Luckily, there are some good planners at the City of Ottawa who are now working on revising these guidelines and hopefully strengthening zoning or changing the zoning where necessary, and I wanted to publicize that there were good planners as well as those who may be unduly influenced by developers (who are merely in it to make as much profit as possible). As the contest is being held by the Canadian Institute of Planners, I wanted an opportunity to bring some public recognition to the work these planners are doing to try to maintain and build "appropriate" infill. Two such are City of Ottawa planners Alain Miguelez and Selma Hassan, who are working on revising the Guidelines. We need to support them in their efforts.
If we are to allow this kind of inappropriate urban infill to continue to the extent that it is currently, we are in great danger of losing the valued qualities of this friendly, healthy, vibrant neighbourhood.
What Makes Our Neighbourhood so Interesting?
Specifically, though, we are a friendly, walkable community with goals to be environmentally sustainable and welcoming to people from all walks of life, with a vibrant retail sector that can fulfill many if not all of residents' needs without requiring a car. We have excellent public transit, and 'virtu-cars' are available for those who need occasional wheels but don't wish to own a car.
Our several parks are well used and maintained (often by residents themselves), situated at beautiful locations along the World Heritage Rideau Canal and the Rideau River.

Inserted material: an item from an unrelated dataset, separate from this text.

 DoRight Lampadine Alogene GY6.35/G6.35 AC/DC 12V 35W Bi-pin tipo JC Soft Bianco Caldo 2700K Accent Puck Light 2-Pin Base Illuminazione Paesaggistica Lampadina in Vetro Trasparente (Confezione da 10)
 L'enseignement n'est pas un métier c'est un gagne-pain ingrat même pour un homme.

The Old Ottawa South Community Association (OSCA), housed in a renovated fire station that was saved by fundraising from demolition to become the "new" Community Centre, is the hub of the community and is active in both recreational and social opportunities. The association is also involved in community and city-wide activities to protect and enhance the community, such as environmental, development and zoning issues.

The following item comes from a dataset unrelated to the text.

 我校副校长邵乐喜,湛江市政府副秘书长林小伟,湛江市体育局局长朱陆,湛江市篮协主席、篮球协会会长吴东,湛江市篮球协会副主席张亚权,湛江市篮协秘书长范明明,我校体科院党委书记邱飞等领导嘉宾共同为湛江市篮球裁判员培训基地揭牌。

Why Should People Vote for Old Ottawa South?
People should vote for Old Ottawa South for their own reasons—they don't even need to live here, but simply appreciate its qualities. It's a great place to visit, too—with second-hand clothing, antique shops, modern architectural stores, restaurants of great quality, and fine food stores, to name a few. Old Ottawa South is a valued contributor to quality of life for all citizens of Ottawa.

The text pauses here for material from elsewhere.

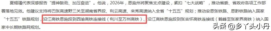 好消息!利川市有望迎来第二条高铁! 届时,利川到万州只需20分钟。一个20分钟的距离,能改变什么?对于利川而言,这是一场从地理末梢迈向交通枢纽的“关键一跃”。 近日,沿江高铁恩施段至西渝高铁连接线——利川至万州高铁,正式被纳入国家中长期铁路网规划。当“规划”二字落定,一条设计时速350公里的钢铁动脉,就此在鄂渝交界的群山间描绘出清晰的未来。消息传来,最令人心动的莫过于那个具体的时间:建成后,利川到万州,仅需约20分钟。 这短暂的20分钟,彻底击穿了武陵山区的时空壁垒。它不再是地图上相隔的区县,而是变成了一杯咖啡尚未冷透的通勤距离。借由万州这一枢纽,利川将无缝融入成渝双城经济圈的“一小时生活圈”。 格局一旦打开,视野便豁然开朗:依托已在火热建设中的沿江高铁,未来的利川,向北至重庆1小时,向东至武汉2小时,到成都2小时,一路驰骋至上海也不过5小时,这座曾经受困于重峦叠嶂的“山区小城”,正以前所未有的速度,与国家级城市群同频共振。 这条高铁的分量,远不止于便捷。它是国家战略棋盘上的一步“妙手”。从宏观版图上看,利万高铁如同一根精巧的“金丝带”,将横向的沿江高铁与纵向的西渝高铁这两条国家干线紧密串联。它不仅补上了恩施州南北向高铁的关键短板,更让利川一举从路网的“通过点”,跃升为连接两大动脉的“十字路口”。自此,利川稳稳站上了国家铁路网的“C位”,其交通区位价值迎来史诗级的重估。 历史性的交汇正在这里发生。在建的沿江高铁与规划的利万高铁,将在利川的土地上画出清晰的“十字”。这使得利川成为鄂西、渝东北地区极为罕见的“双高铁交汇城市”。两条时速350公里的高铁,带来的将是人力、资金、信息与产业的奔腾交汇。山区曾经是阻隔,但在高铁时代,独特的生态与文化资源,反而成为吸引都市人群的磁石。可以预见,更密集的人流、更高效的物流、更活跃的商机,将随着两条高铁的贯通而全面爆发,为利川乃至整个武陵山区的乡村振兴与旅游业升级注入强劲动能。 利万高铁建成后, 将为沿线人民的出行带来更好的体验,一条高铁,改变一座城。当沿江高铁和利万高铁的线条在此交汇,利川的故事,正翻开速度与机遇交织的全新篇章,值得期待!

They should also vote for it to highlight that we are in danger of losing such vibrant communities to ruthless development fueled only by profit, and this is a vote then for all such communities that are under threat of this nature. (Mention that in the Comments when you vote!)
Finally, I would simply like to emphasize that walkable, environmentally sustainable, healthy urban communities such as Old Ottawa South are of great value to this country and its cities, and must be protected, maintained, and enhanced, for the good of their residents, the greater community, and indeed, the health of the planet.
I would also like to extend my gratitude to those City of Ottawa planners who are working to achieve this goal, and to encourage them, and others like them in cities across Canada, to continue to work toward protecting and developing appropriate urban communities that are comfortable, affordable, and safe for all.
I also want to wish the Brewer Park Skating Oval luck in winning in their category! It's a great addition to our community and a great place in its own right. The Skating Oval has been nominated in the 'Places' category.
Note: Gwendolyn Gall is the OSCA Web Editor and Web/IT Chair. In this Op-Ed piece, she expresses her opinions solely as a private citizen of Ottawa and proud resident of Old Ottawa South.